▶ **Entries taken from a collection**
◇ ◇ ◇ ◇ ◇

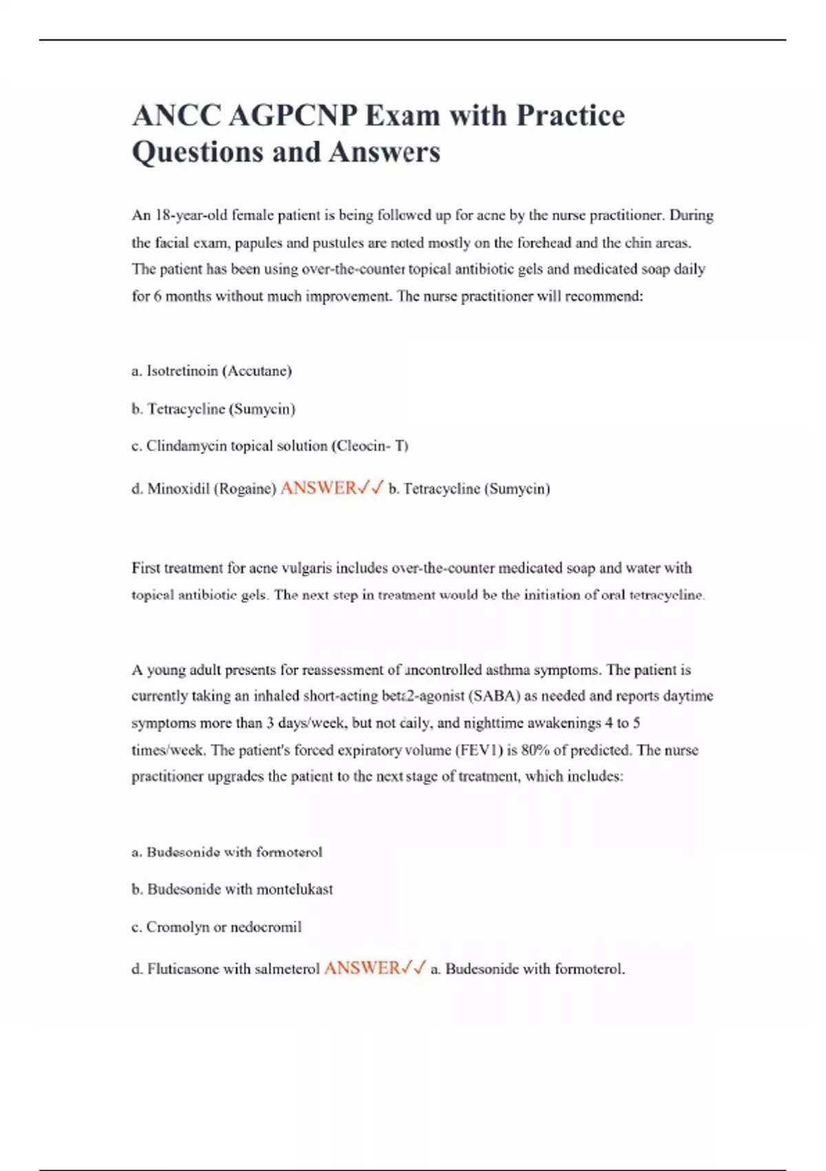 ANCC AGPCNP Exam with Practice Questions and Answers An 18-year-old female patient is being followed up for acne by the nurse practitioner. During the facial exam, papules and pustules are noted mostly on the forehead and the chin areas. The patient has been using over-the-counter topical antibiotic gels and medicated soap daily for 6 months without much improvement. The nurse practitioner will recommend: a. Isotretinoin (Accutane) b. Tetracycline (Sumycin) c. Clindamycin topical solution (Cleocin- T) d. Minoxidil (Rogaine) ANSWER b. Tetracycline (Sumycin) First treatment for acne vulgaris includes over-the-counter medicated soap and water with topical antibiotic gels. The next step in treatment would be the initiation of oral tetracycline. A young adult presents for reassessment of uncontrolled asthma symptoms. The patient is currently taking an inhaled short-acting beta2-agonist (SABA) as needed and reports daytime symptoms more than 3 days/week, but not daily, and nighttime awakenings 4 to 5 times/week. The patient's forced expiratory volume (FEV1) is 80% of predicted. The nurse practitioner upgrades the patient to the next stage of treatment, which includes: a. Budesonide with formoterol b. Budesonide with montelukast c. Cromolyn or nedocromil d. Fluticasone with salmeterol ANSWER a. Budesonide with formoterol.
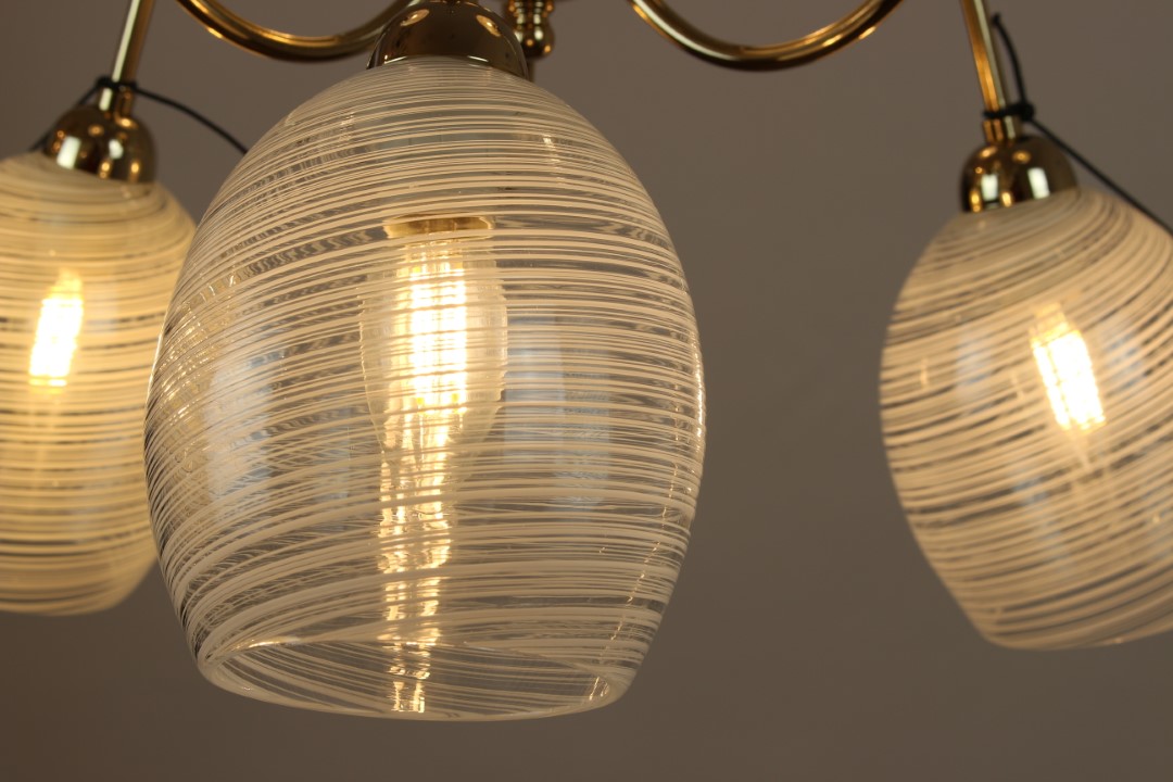 Lampada a 5 luci, montatura oro, tazza portalampada in vetro artistico con decori con linee colorate. La lampada vi da la possibilità di cambiare i decori in superficie delle tazze, contattateci per qualsiasi decorazione.
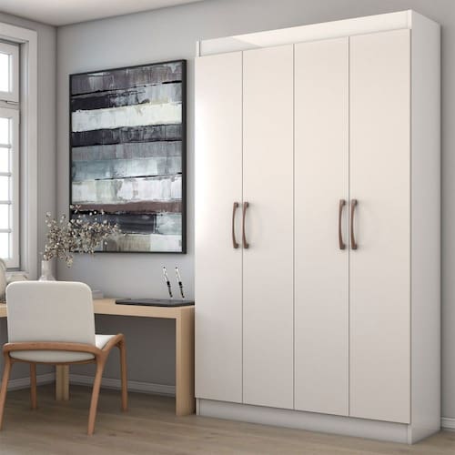 O(a) Armário Multiuso Albuquerque 4 Portas 8 Prateleiras Branco - Loja é produzido em MDP na escala de brilho Brilhante, e possui um grau de dificuldade de montagem: Médio.
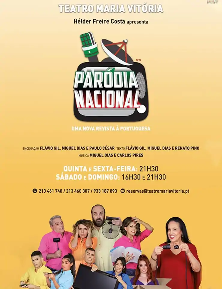 Com um elenco de nomes queridos do público português, onde se destacam Marina Albuquerque, a popular actriz televisiva que se estreia em Revista, Paulo Vasco, Miguel Dias e a extraordinária Cidália Moreira à frente de um grande elenco de actores, cantores e bailarinos, “PARÓDIA NACIONAL” promete encantar, divertir e surpreender o público. Uma Revista à Portuguesa inovadora, com produção de Hélder Freire Costa, encenação de Paulo César, texto de Flávio Gil, Miguel Dias e Renato Pino e música de Miguel Dias e Carlos Pires.
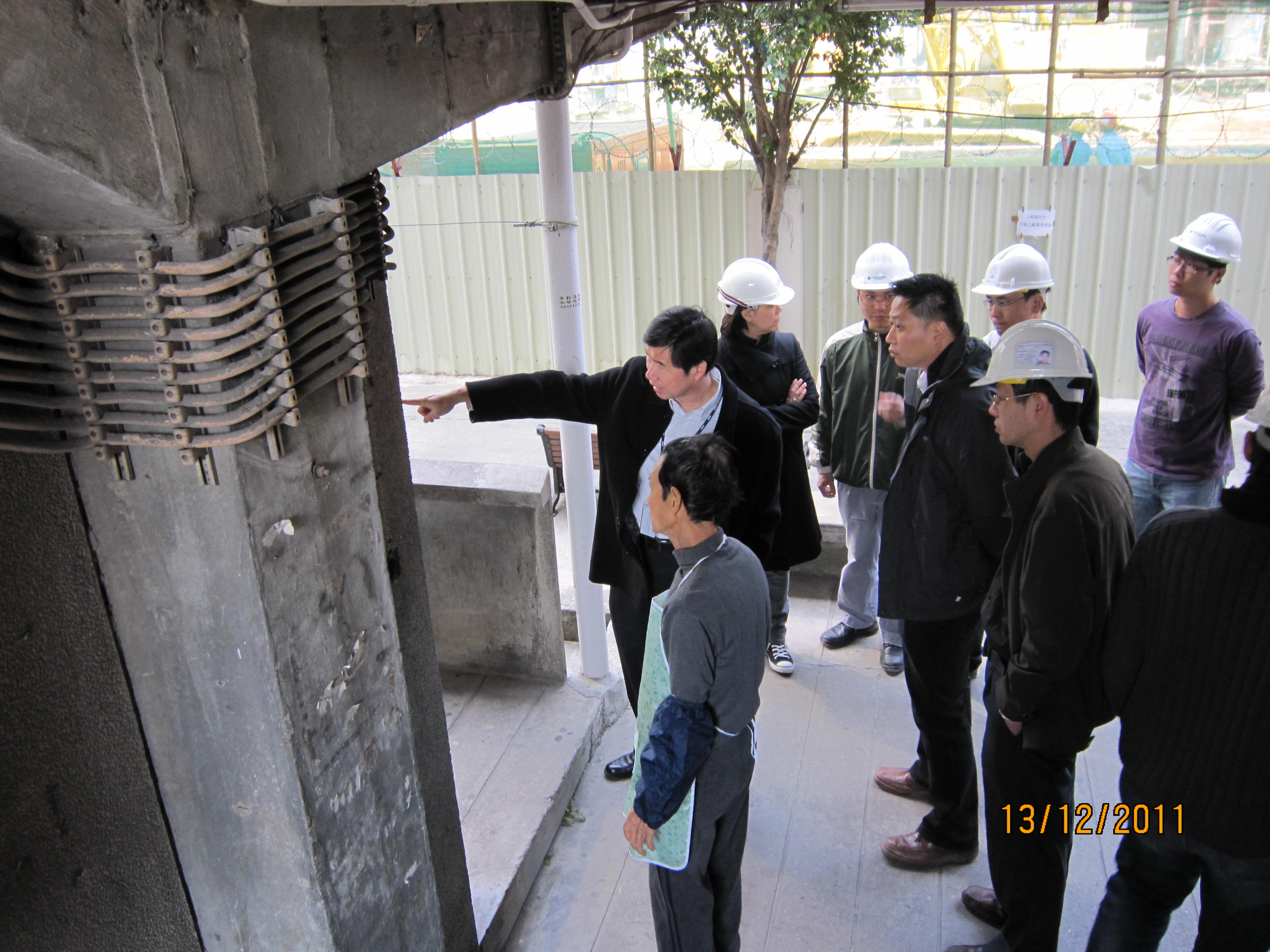• 建設辦主任陳漢傑於2011年年底與工程人員實地視察公務員大廈結構問題。
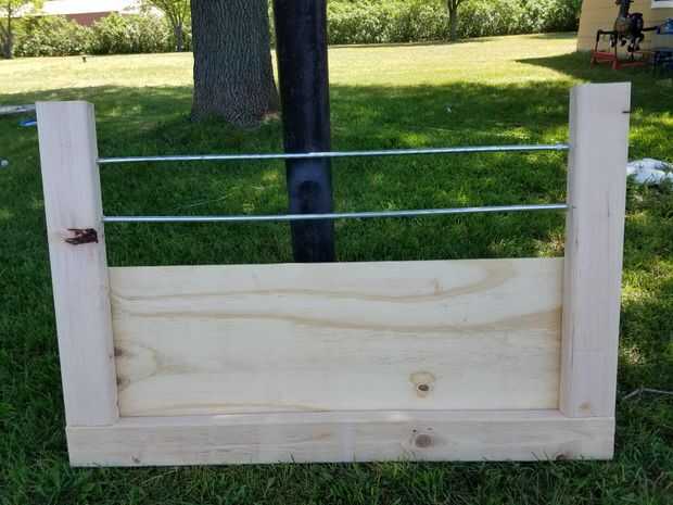 Tomar 1 40" perno y colocar un poste de madera de 23" a un extremo de la misma. (23" debe estar en la parte superior 40"). Fije utilizando una pieza de madera contrachapada, dejando una separación de 5/8" en los lados. Mida en el 23" prisionero entre la parte superior y la pieza de madera contrachapada para 2 barras uniformemente espaciadas. abrazadera del lado opuesto 23" pieza en madera contrachapada en el lugar y medida para espaciamiento de barra. Taladre agujeros. Coloque barras en poste de madera en el lado seguro en primer lugar, luego en la pieza libre flotante. seguro segundo 23" pedazo de madera contrachapada después de varillas se colocan completamente en los pernos prisioneros. Instale la pieza superior utilizando tornillos grandes y perforación de la pieza de arriba en un ángulo en las piezas laterales. Repita para el lado 2.
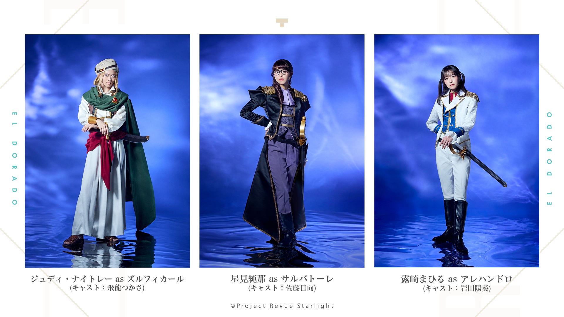 サルバトーレ役の佐藤日向さん、アレハンドロ役の岩田陽葵さん、ズルフィカール役の飛龍つかささんの全身ビジュアルを公開。
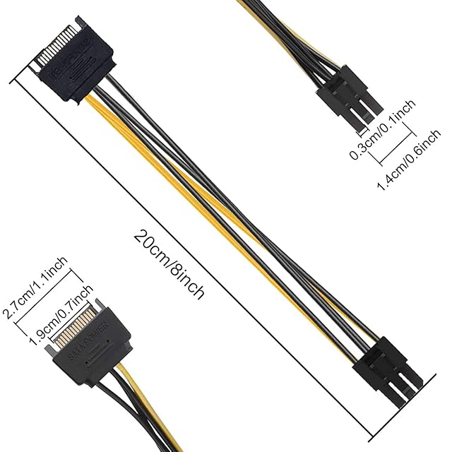 完璧なケーブル長: 8 インチ 20cm コネクタを備えたこの sata 電源ケーブルは、内部ケーブル管理に最適です。
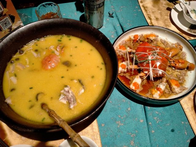 清明前去的龙井村,都是人堵车厉害,都挤在村口,小车,大巴,公交车,晚餐订在这家,屋里都爆满了,只能在茶园里吃,环境不错就是有点冷(3月24),大概5⃣️月份左右坐茶园用餐应该舒服,服务态度很好,菜色也不错!
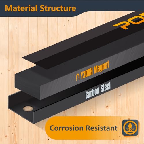 - QUALITY: Crafted from durable carbon steel, this magnetic tool bar ensures sturdiness and resists corrosion. The powerful Y30BH magnets, known for their anti-degaussing properties, deliver strong suction, holding up to 10-11 lbs (4.5-5kg) of tools securely
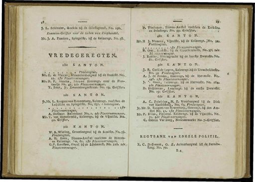 1 ~^~! Aé J , L . Sclilosfer , - Rockin bjj de Olicflagersfh.No . 190 », Kommies-Griffier voor de zaksn vaniKoèphaVdel . aai- , J . A , franken ., Spiegelflr . bjj de Keizersgr . No , 58 . VREDEGEREGTEN , ifce KANTON . M . ... Vrederegter . _ .' $ J!r„E , de Marcas , Kloveniersburgwal bn de Staalfti.No ., 13 . ijle Plaatsvervanger . ,'~ * t * ï Mr#D . F . Mendes , Nieuwe Heerengr , over de Plan ». taadje No . 41 . sde Plaatsvervanger . T , Boas , Jr . Zwanenburgerftraat . No . 13 . Griffier , 2de K A . N T O N . ? r Mr . L . Rutgers vart-Röbzérjbüïg , Keizersgr . tusfehen de Lejjdfche . en L Spiegelftr . No . 656 . t rederegter . m ... • .... •• ijle " Plaatsvervanger . A . Hoffman Buitenkan ! No . 5 . ide Plaatsvervanger . _ Vis . Y . van Hamel'sveld , Keizersgr . ojj de Vtjzelftr . No » . 90 . Gri§er . 3de KAN T-'-Q N . W.A . Wieling , Groenburgwal bjj de Staalftr . Nft , 58 . Vrederegter . A . H . Bonn , Binnen-Amfiel tusfclren de Heeren- en Keizersgr . mf . < 5i . ijle Plaatsvervanger . G.P . Rpuffaer , Singel by de Lynbïrauft . No . 216 . aó *, RlaatsyeTvenger . ■ r %, Tiederaan , Binrien-Am'ftel tusfclicn deï-Refkftr ». en . Prinfengr . No . 33 . Qrieffier . I '■ / fa . KANTON . fclr.H J * Momma , Vjjzelftr . brj de Keizersgr . INo ^ oji », rrg'deregter . . . iêe Plaatsvervanger . - B . Ortc , Kcrkftr . ö | de Uuechiicheltr . No . 575 2rfffi .: T'&mtsver*enger . LL-S . «. Ê « J.Ko"ntri.a , Bloemgracht bij de laatffce Dwsrsftr.No . 68 . Griffier . 5 de K A NT ON . • J . B . CarlideT,?tran,K«izersgr.brj,deUtrachtfcbe.{te »-. ► V s ' No . 32 Vrede ) egter . A . J . de Bordes , Heerengr , bij de Hartenltr . No .. 446 . jfte Plaatsvervanger . J- s ; ' i Hoen , i'eizersgr . bij de Hartenftr . No . 264 ». zd&.Pfaatsyervanger .^ D . Heijdemaii , Lauriergr . bg de eerfte Dwarsftr .' , No . 19 . Griffier . 6de KANTON . A . C Fabrhius v N . Z . Voorburgwal tjj de Dirfc ; van HasfelfteJg , No . 69 . ^ rederegter . Jr . Mr . D . Rutgers van Rozenburg , Heerengr . bg den Am - ft-el No . i ,!. ififi Plaatsvervanger . Mr . P . Elias , Pietersz . Keizersgr . bg de Vijzelftr . No . . 71 . zde Plaatsvervanger . C . Gelein Ver Burg , Noordennajfcc No . ?. Gf iffitr ,-. REGTBAN;K van enkele politie ». I » C . Duïjvensz , O . Z . Achterburgwal bSde^Barnde *. fteea . No . 70 . . B^4 .

◇ ◇ ◇ ◇ ◇

▶ **WORK REQUEST**
Every line above should be transcribed exactly, though no image should be carried over.

▶ **TASK RESULT**
 ANCC AGPCNP Exam with Practice Questions and Answers An 18-year-old female patient is being followed up for acne by the nurse practitioner. During the facial exam, papules and pustules are noted mostly on the forehead and the chin areas. The patient has been using over-the-counter topical antibiotic gels and medicated soap daily for 6 months without much improvement. The nurse practitioner will recommend: a. Isotretinoin (Accutane) b. Tetracycline (Sumycin) c. Clindamycin topical solution (Cleocin- T) d. Minoxidil (Rogaine) ANSWER b. Tetracycline (Sumycin) First treatment for acne vulgaris includes over-the-counter medicated soap and water with topical antibiotic gels. The next step in treatment would be the initiation of oral tetracycline. A young adult presents for reassessment of uncontrolled asthma symptoms. The patient is currently taking an inhaled short-acting beta2-agonist (SABA) as needed and reports daytime symptoms more than 3 days/week, but not daily, and nighttime awakenings 4 to 5 times/week. The patient's forced expiratory volume (FEV1) is 80% of predicted. The nurse practitioner upgrades the patient to the next stage of treatment, which includes: a. Budesonide with formoterol b. Budesonide with montelukast c. Cromolyn or nedocromil d. Fluticasone with salmeterol ANSWER a. Budesonide with formoterol.
 Lampada a 5 luci, montatura oro, tazza portalampada in vetro artistico con decori con linee colorate. La lampada vi da la possibilità di cambiare i decori in superficie delle tazze, contattateci per qualsiasi decorazione.
 O(a) Armário Multiuso Albuquerque 4 Portas 8 Prateleiras Branco - Loja é produzido em MDP na escala de brilho Brilhante, e possui um grau de dificuldade de montagem: Médio.
 Com um elenco de nomes queridos do público português, onde se destacam Marina Albuquerque, a popular actriz televisiva que se estreia em Revista, Paulo Vasco, Miguel Dias e a extraordinária Cidália Moreira à frente de um grande elenco de actores, cantores e bailarinos, “PARÓDIA NACIONAL” promete encantar, divertir e surpreender o público. Uma Revista à Portuguesa inovadora, com produção de Hélder Freire Costa, encenação de Paulo César, texto de Flávio Gil, Miguel Dias e Renato Pino e música de Miguel Dias e Carlos Pires.
• 建設辦主任陳漢傑於2011年年底與工程人員實地視察公務員大廈結構問題。
 Tomar 1 40" perno y colocar un poste de madera de 23" a un extremo de la misma. (23" debe estar en la parte superior 40"). Fije utilizando una pieza de madera contrachapada, dejando una separación de 5/8" en los lados. Mida en el 23" prisionero entre la parte superior y la pieza de madera contrachapada para 2 barras uniformemente espaciadas. abrazadera del lado opuesto 23" pieza en madera contrachapada en el lugar y medida para espaciamiento de barra. Taladre agujeros. Coloque barras en poste de madera en el lado seguro en primer lugar, luego en la pieza libre flotante. seguro segundo 23" pedazo de madera contrachapada después de varillas se colocan completamente en los pernos prisioneros. Instale la pieza superior utilizando tornillos grandes y perforación de la pieza de arriba en un ángulo en las piezas laterales. Repita para el lado 2.
 サルバトーレ役の佐藤日向さん、アレハンドロ役の岩田陽葵さん、ズルフィカール役の飛龍つかささんの全身ビジュアルを公開。
 完璧なケーブル長: 8 インチ 20cm コネクタを備えたこの sata 電源ケーブルは、内部ケーブル管理に最適です。
 清明前去的龙井村,都是人堵车厉害,都挤在村口,小车,大巴,公交车,晚餐订在这家,屋里都爆满了,只能在茶园里吃,环境不错就是有点冷(3月24),大概5⃣️月份左右坐茶园用餐应该舒服,服务态度很好,菜色也不错!
 - QUALITY: Crafted from durable carbon steel, this magnetic tool bar ensures sturdiness and resists corrosion. The powerful Y30BH magnets, known for their anti-degaussing properties, deliver strong suction, holding up to 10-11 lbs (4.5-5kg) of tools securely
 1 ~^~! Aé J , L . Sclilosfer , - Rockin bjj de Olicflagersfh.No . 190 », Kommies-Griffier voor de zaksn vaniKoèphaVdel . aai- , J . A , franken ., Spiegelflr . bjj de Keizersgr . No , 58 . VREDEGEREGTEN , ifce KANTON . M . ... Vrederegter . _ .' $ J!r„E , de Marcas , Kloveniersburgwal bn de Staalfti.No ., 13 . ijle Plaatsvervanger . ,'~ * t * ï Mr#D . F . Mendes , Nieuwe Heerengr , over de Plan ». taadje No . 41 . sde Plaatsvervanger . T , Boas , Jr . Zwanenburgerftraat . No . 13 . Griffier , 2de K A . N T O N . ? r Mr . L . Rutgers vart-Röbzérjbüïg , Keizersgr . tusfehen de Lejjdfche . en L Spiegelftr . No . 656 . t rederegter . m ... • .... •• ijle " Plaatsvervanger . A . Hoffman Buitenkan ! No . 5 . ide Plaatsvervanger . _ Vis . Y . van Hamel'sveld , Keizersgr . ojj de Vtjzelftr . No » . 90 . Gri§er . 3de KAN T-'-Q N . W.A . Wieling , Groenburgwal bjj de Staalftr . Nft , 58 . Vrederegter . A . H . Bonn , Binnen-Amfiel tusfclren de Heeren- en Keizersgr . mf . < 5i . ijle Plaatsvervanger . G.P . Rpuffaer , Singel by de Lynbïrauft . No . 216 . aó *, RlaatsyeTvenger . ■ r %, Tiederaan , Binrien-Am'ftel tusfclicn deï-Refkftr ». en . Prinfengr . No . 33 . Qrieffier . I '■ / fa . KANTON . fclr.H J * Momma , Vjjzelftr . brj de Keizersgr . INo ^ oji », rrg'deregter . . . iêe Plaatsvervanger . - B . Ortc , Kcrkftr . ö | de Uuechiicheltr . No . 575 2rfffi .: T'&mtsver*enger . LL-S . «. Ê « J.Ko"ntri.a , Bloemgracht bij de laatffce Dwsrsftr.No . 68 . Griffier . 5 de K A NT ON . • J . B . CarlideT,?tran,K«izersgr.brj,deUtrachtfcbe.{te »-. ► V s ' No . 32 Vrede ) egter . A . J . de Bordes , Heerengr , bij de Hartenltr . No .. 446 . jfte Plaatsvervanger . J- s ; ' i Hoen , i'eizersgr . bij de Hartenftr . No . 264 ». zd&.Pfaatsyervanger .^ D . Heijdemaii , Lauriergr . bg de eerfte Dwarsftr .' , No . 19 . Griffier . 6de KANTON . A . C Fabrhius v N . Z . Voorburgwal tjj de Dirfc ; van HasfelfteJg , No . 69 . ^ rederegter . Jr . Mr . D . Rutgers van Rozenburg , Heerengr . bg den Am - ft-el No . i ,!. ififi Plaatsvervanger . Mr . P . Elias , Pietersz . Keizersgr . bg de Vijzelftr . No . . 71 . zde Plaatsvervanger . C . Gelein Ver Burg , Noordennajfcc No . ?. Gf iffitr ,-. REGTBAN;K van enkele politie ». I » C . Duïjvensz , O . Z . Achterburgwal bSde^Barnde *. fteea . No . 70 . . B^4 .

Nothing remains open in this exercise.